I like this reflection from the author Thomas Cole........

 

"The mighty spectacle, mysterious and dark, opens beneath the eye more like some awful dream than an earthly reality -- a vision of the valley and shadow of death.... As I mused upon its great circumference, I seemed to be sounding the depth of some volcanic crater, where fires, long extinguished, had left the ribbed and blasted rocks to the wild flowers and ivy."

 

 

Yes, yes. And for dozen centuries the ruined Colosseum nurtured "the wild flowers and ivy" brought from African in the cages and bellies of the beasts that would entertain. Domenico Panaroli made an illustrated study of the flora of the amphitheatre's floor before it was removed.

 

http://www.newworldencyclopedia.org/entry/Colosseum#Flora

 

"The Colosseum has a wide and well-documented history of flora, ever since Domenico Panaroli made the first catalog of its plants in 1643. Since then, 684 species have been identified there. The peak was in 1855 (420 species). Attempts were made in 1871 to eradicate the vegetation, due to concerns over the damage that was being caused to the masonry, but much of it has returned.

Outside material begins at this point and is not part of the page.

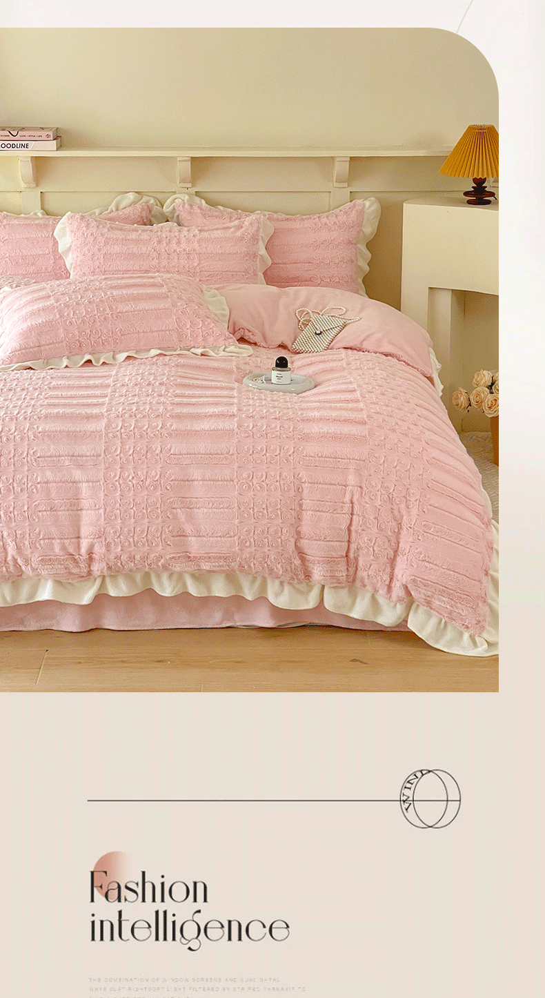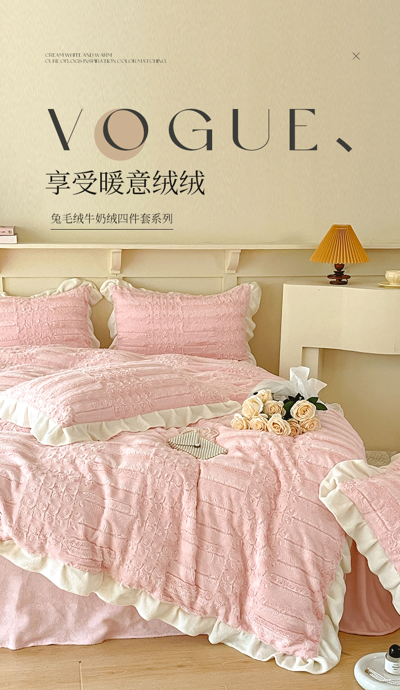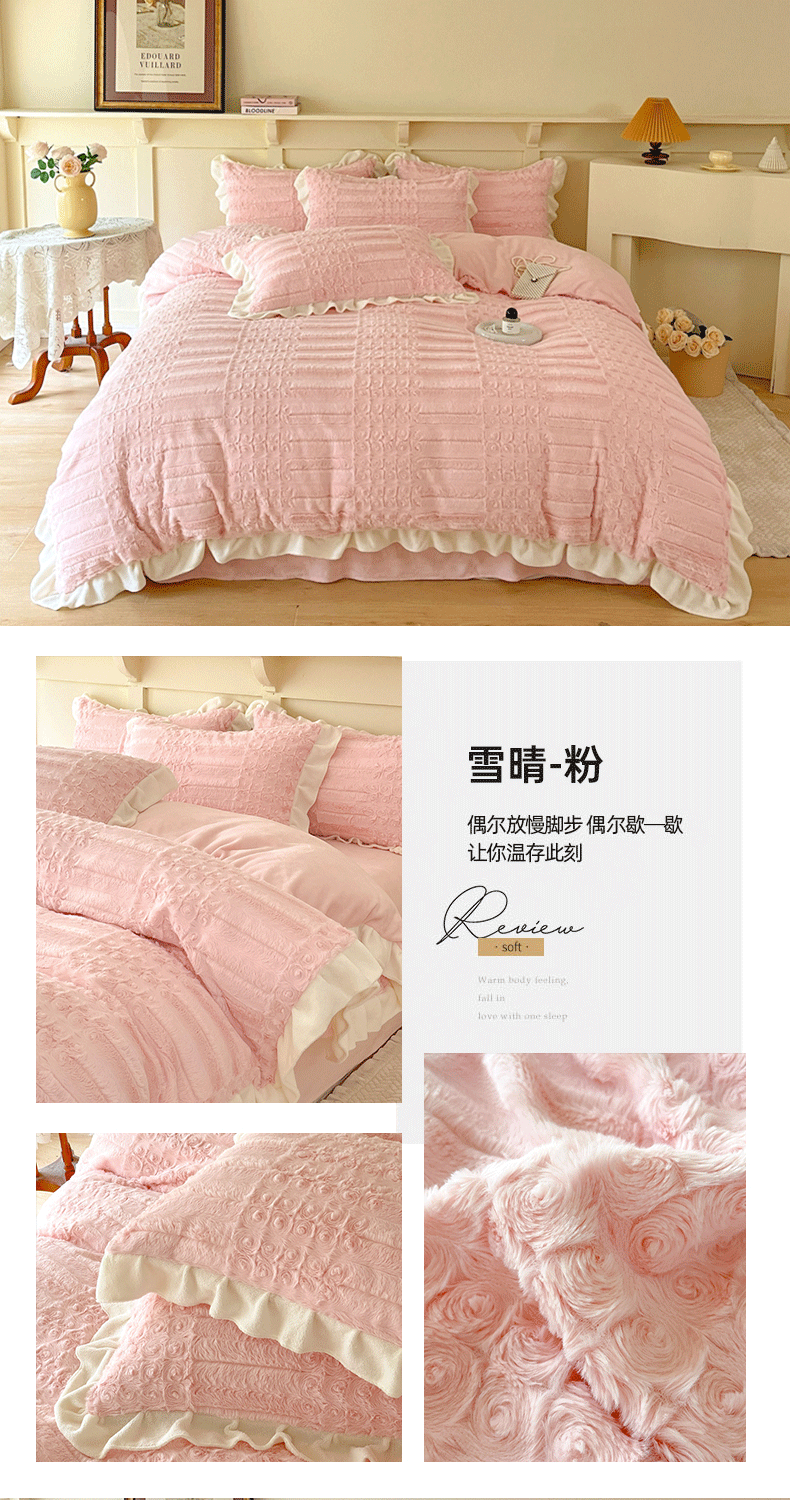 N先生 2023秋冬新款兔毛绒花边款四件套-雪晴系列 雪晴-粉

Today, 242 species have been counted, and of the species first identified by Panaroli, 200 remain.

 

The variation of plants can be explained by the change of climate in Rome through the centuries. Additionally, bird migration, flower blooming, and the growth of Rome that caused the Colosseum to become embedded within the modern city center rather than on the outskirts of the ancient city, as well as the deliberate transport of species, are all contributing causes. One other romantic reason often given is that their seeds being unwittingly transported on the animals brought there from all corners of the empire."